I am happy whenever I can create something or do something creative; designing, writing, cooking, baking, crafting...so basically everything where I create something and have a visual result in the end makes me happy. Does it work for you as well?
I realised that happiness is a journey because like I told you before, the majority of my life I was quite the opposite of happy - I was depressed but things got much better once I found joy in the little things again and focused on setting new goals. That certainly helped a lot. So now I can say that most of the days I am pretty happy but of course I also go through bad days - but that is okay and it is normal.

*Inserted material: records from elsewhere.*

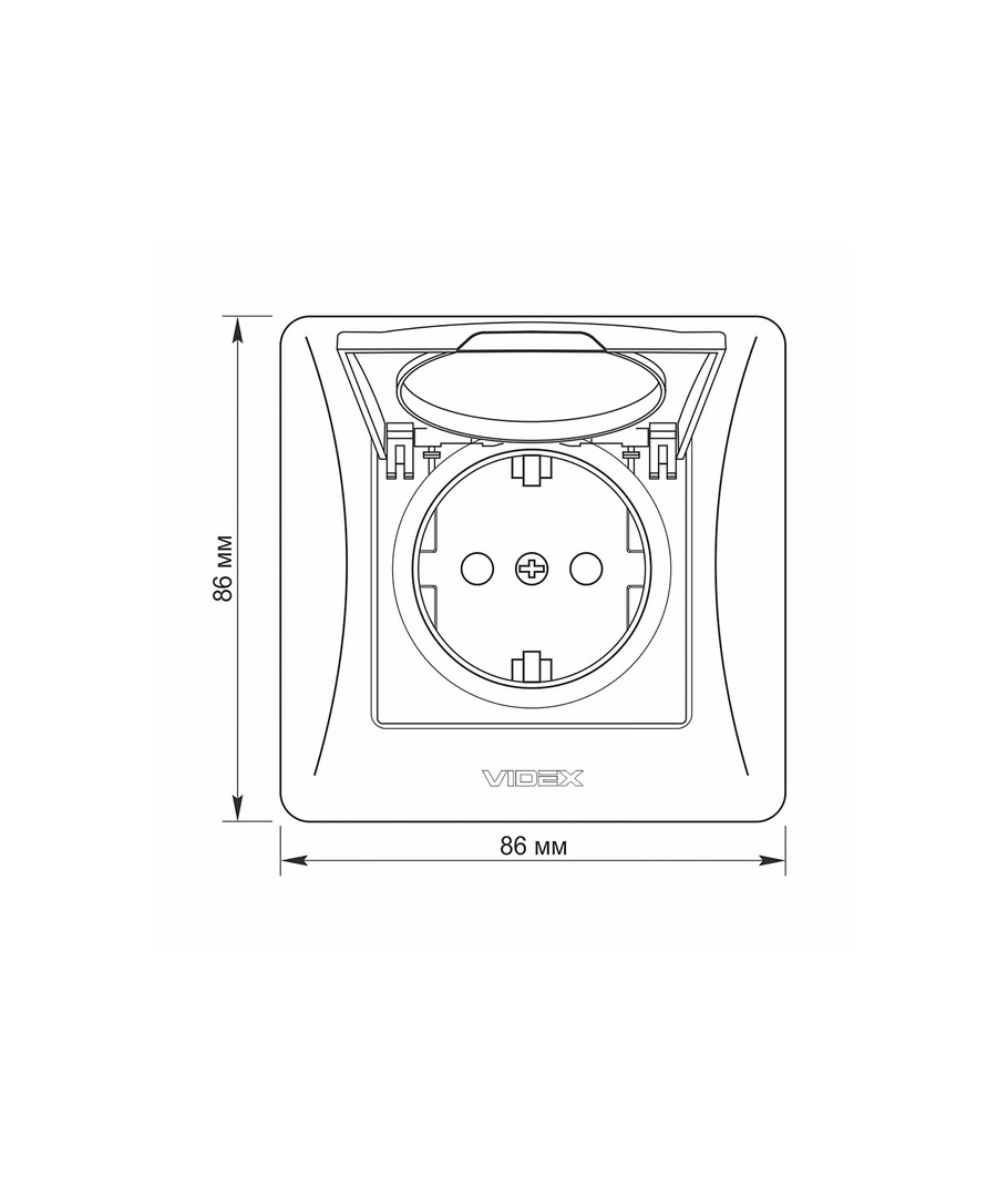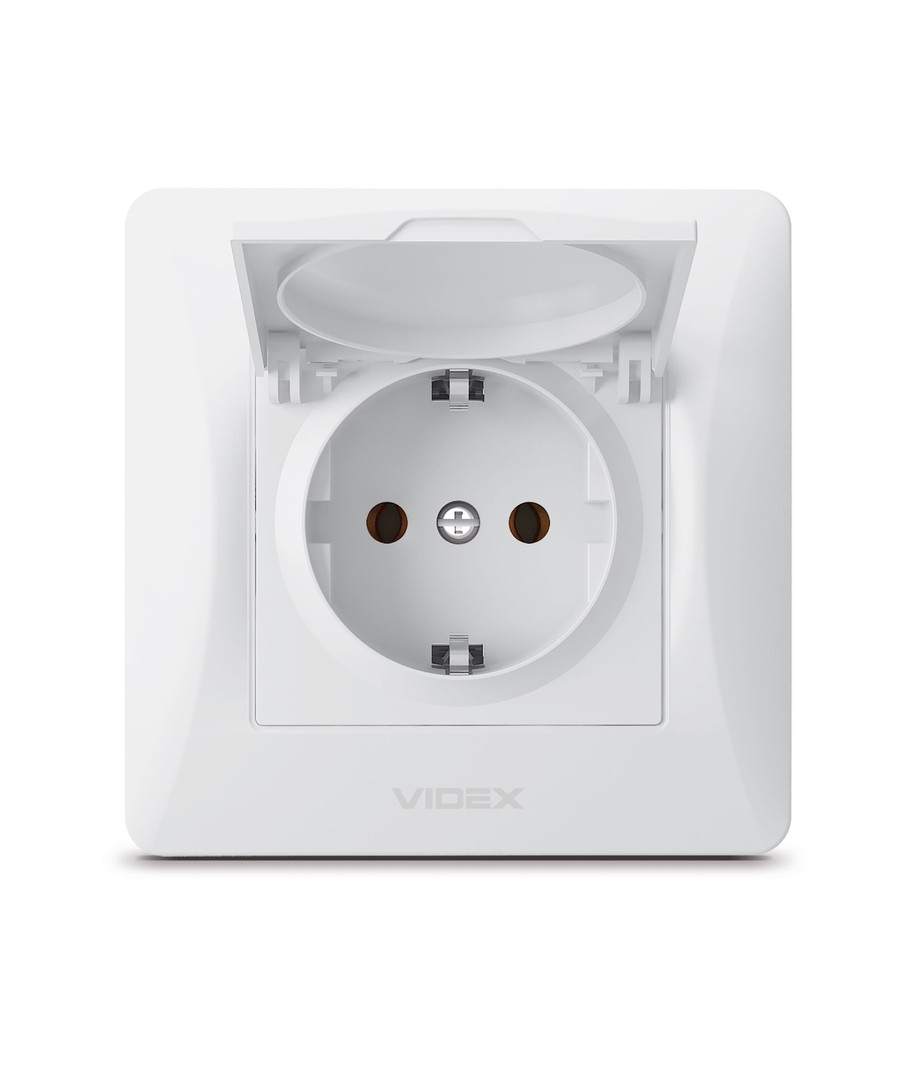 Schuko wandcontactdoos - enkel, met deksel, wit Videx Uitklappen
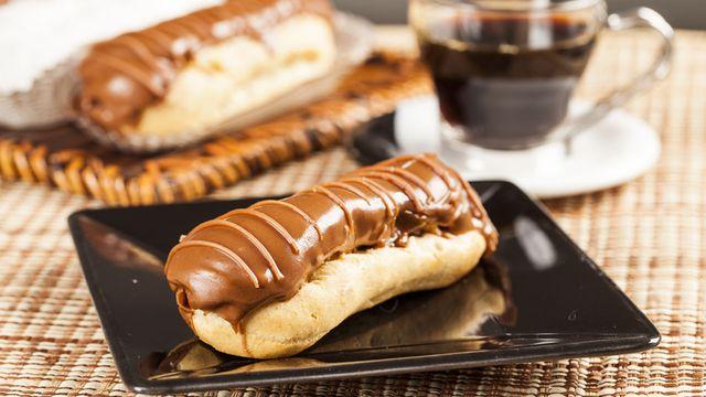 أخرجي الصينيّة من الفرن وضعهيا جانبا حتى يبرد الإكلير، ثمّ خذي كل حبة وافتحيها من الجانب وأدخلي الكاسترد فيها، أوالفراولة، أو الشوكولاته بحسب الرغبة. أحضري الشوكولاته و غطّيها من الأعلى.
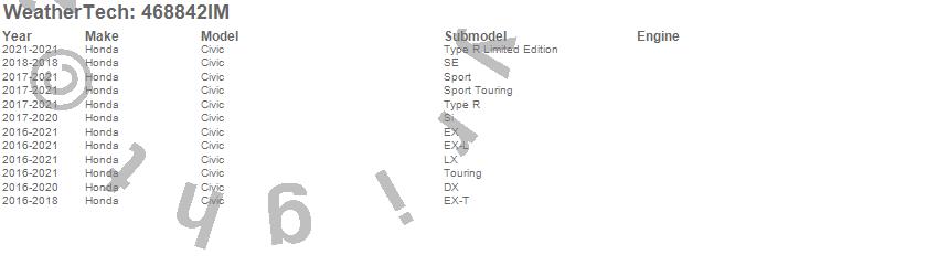 Below is an abbreviated list of applications for the FloorLiner HP.Civic, Honda, 2021, 2020, 2019, 2018, 2017, 2016
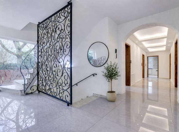 * Stilvoller Eingangsbereich mit indirekter Beleuchtung und großformatigen Designerfliesen
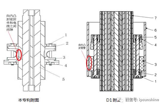 D1要解決的技術(shù)問(wèn)題為如何使線纜管封堵器用于不同直徑的線纜管道并實(shí)現(xiàn)與管壁之間的密封。具體來(lái)說(shuō),現(xiàn)有技術(shù)中由于封堵的線纜粗細(xì)不一致,管壁和橡膠結(jié)構(gòu)均會(huì)存在一點(diǎn)誤差,這導(dǎo)致安裝時(shí),容易出現(xiàn)密封不牢,或橡膠結(jié)構(gòu)塞不進(jìn)管壁情況的出現(xiàn)。對(duì)應(yīng)地,D1的解決手段是,對(duì)橡膠結(jié)構(gòu)進(jìn)行改進(jìn),采用了上下兩層結(jié)構(gòu),下層鼓狀橡膠結(jié)構(gòu)徑向向外突出而密封管壁,如D1附圖紅色標(biāo)記所示,利用橡膠結(jié)構(gòu)的不對(duì)稱,使得該結(jié)構(gòu)可以適應(yīng)不同的線纜安裝,兩者的誤差也不影響整個(gè)結(jié)構(gòu)的密封。而本專利要解決的技術(shù)問(wèn)題是實(shí)現(xiàn)封堵部件與穿過(guò)其中的電纜之間的良好密封。從D1中解決封堵器如何運(yùn)用在不同直徑的線纜管道中并實(shí)現(xiàn)管道密封的解決思路中,本領(lǐng)域技術(shù)人員并不能得到技術(shù)啟示,利用上述區(qū)別技術(shù)特征1)、2)來(lái)解決封堵器與穿過(guò)其中的線纜如何密封的問(wèn)題。
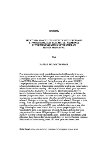 Hafsah , Salima Tsaniyah (2025) EFEKTIVITAS MODEL DISCOVERY LEARNING BERBASIS ETNOSAINS BALIMAU PADA MATERI ASAM BASA UNTUK MENINGKATKAN KETERAMPILAN PROSES SAINS SISWA. FAKULTAS KEGURUAN DAN ILMU PENDIDIKAN , UNIVERSITAS LAMPUNG.
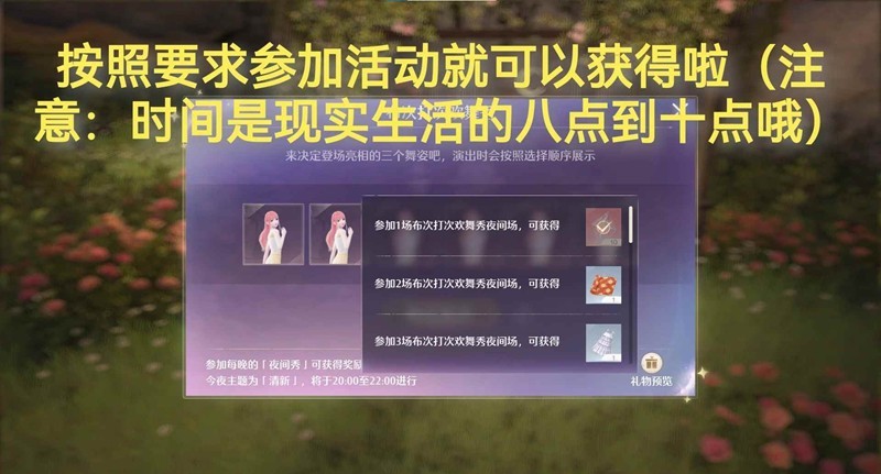 按照要求,参加活动就可以获得。注意:时间是现实生活的晚上八点到十点。现实生活的晚上八点,而且每天有效次数是一次,要好几天都去才能领完奖励。
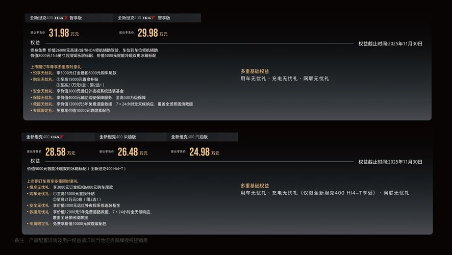 11月6日,全新坦克400在长城技术中心发布并同步开启交付,官方公布五款车型价格:汽油版24.98万元、柴油版26.48万元、Hi4-T 28.58万元、Hi4-T智享版29.98万元、Hi4-Z智享版31.98万元。发布会当日完成首位车主交付,AG超玩会“梦泪”在魏建军陪同下参观智能实验室、高环跑道与测试山并试乘试驾,新车“上市即交付”的节奏在现场落地。活动设置“紫气东来”等打卡区与潮酷生活展陈,营造年轻化氛围。
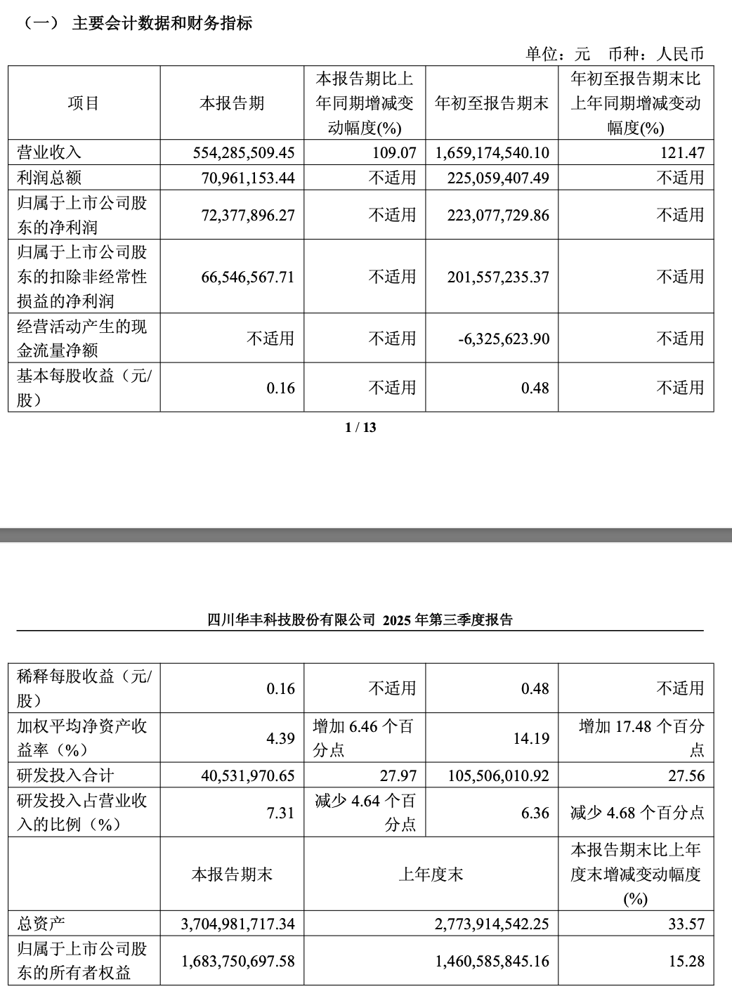 2025年Q3,华丰科技营收为5.54亿元,同比增长109.07%;归母净利润为7237.79万元,同比增长335.56%,扭亏为盈。
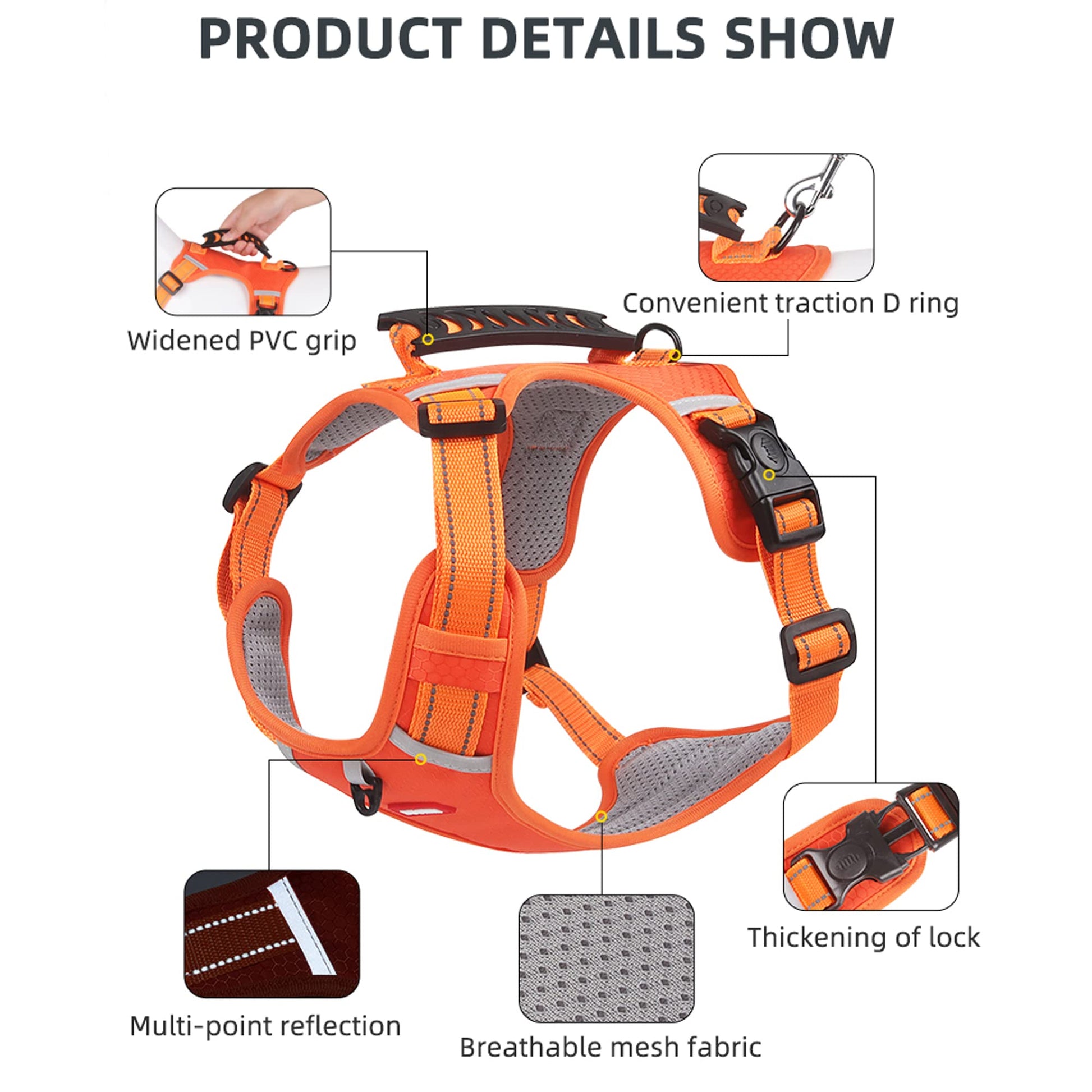 - [High Quality Material] This dog vest harness is made from scratch-resistant oxford material outer layer which is super easy to clean. Quick-dry and soft breathable mesh fabric inside could offer comfortable wear and keep optimal comfort while exercising.
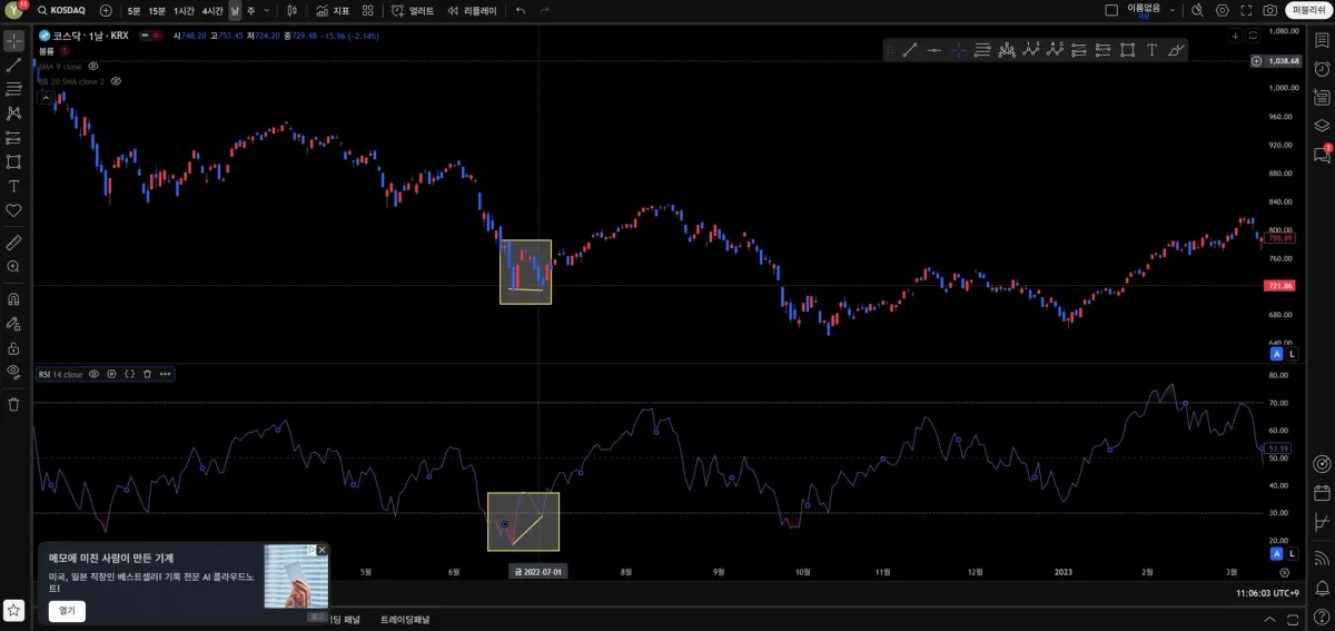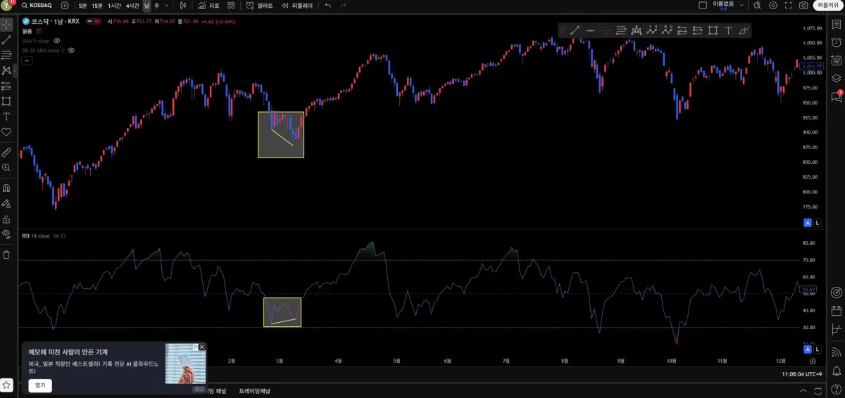 네번째 사진 : 가격은 비슷 동일, 지표는 상승
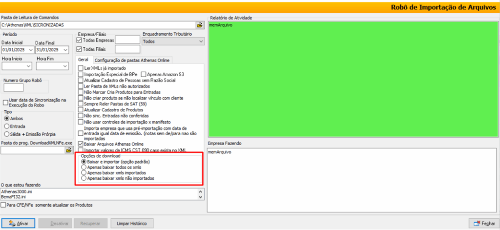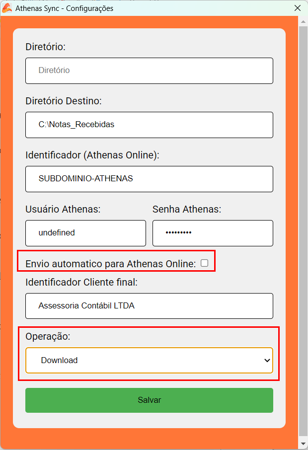 ⚠️ No modo Download, não é necessário marcar a opção “Envio automático para o Athenas Online”.
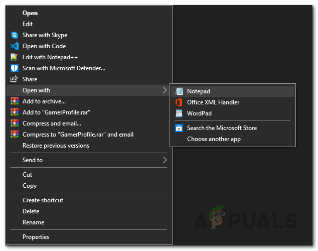 Opening up My Games Folder - Inside the Far Cry 3 folder, open up the GamerProfile.xml file with a notepad. To do this, right-click on the file and from the drop-down menu, choose Open with > Notepad.

But I think it is important to be aware of the fact that happiness is not a goal you just just aim for and instead see it as what it really is, a journey. Of course having goals that make you happy is a major thing but the journey itself to get there is what is causing happiness. Figuring your own happiness out along the way, getting to know yourself better and seeing what actually brings you happiness and what does not. I am much happier ever since I got back into design because design is something that had always been on my mind and I felt like I neglected something my heart is aching for while not being in design. I still clearly remember in high school how interested I was in graphic design and photography, interior design and architecture, how much I was fascinated by the art rooms in high school with all the art and crafting supplies, but how my inner critic and my lack of self-esteem and believing in myself held me back from getting into those fields I just mentioned above. Instead I took the safe route of doing an apprenticeship with languages and business administration. And also while doing that, I was always longing for doing something creative. So whenever I started studying at university I somehow ended up studying media design which finally led me into the right direction. But at that time I was also not really feeling happy. I think my journey to happiness truly started when I moved to Spain and there decided to become a freelancer in the near future. But at that time whenever I already made that decision, I still did not dare to get back into design. Instead I wanted to attend a photojournalism program and then head into that direction - probably because I high school I was also toying around with becoming a journalist and while studying media design I was always very interested in documentary filmmaking and documentary photography - but in the end I let go of everything journalism related because I realised that this is also not for me. So my journey to happiness finally brought me back to design! After all those years, how crazy is that?!
Truth is happiness is something that comes from within you. Of course circumstances influence how happy or sad you feel but really being happy requires you to work on your inner self and then to work on the circumstances that help you to become the happiest version of yourself that you can be. When you struggle with feeling happiness it is probably best to take a look at your emotions, feelings and the way you see yourself. When you are constantly hard on yourself, it is no wonder that being happy is hard to achieve most of the time. So you have to learn to see yourself with kindness and to treat yourself with love and to work on a major mindset shift. I can tell you from my own experience that it works. Once I stopped being so hard on myself all the time and started treating myself with love, respect and kindness something within me happened and I immediately noticed how much happier I became day by day. Of course I still struggle with many areas in life that I find incredibly challenging and also unfair, but here I actively try to shift my mind into a new perspective that is not seeing everything powerless and with despair, instead I try to see where I can change my mind into a new perspective that actually supports my goals and how to make things work. You can imagine now much easier going everything seems then only through shifting your perspective and that of course also has a major influence on your happiness overall. So all I can say is that this whole happiness thing that each one of us wants is a journey and not a destination. Think about it and then think about a strategy how to make this journey a great one bringing you tons of happiness that you deserve.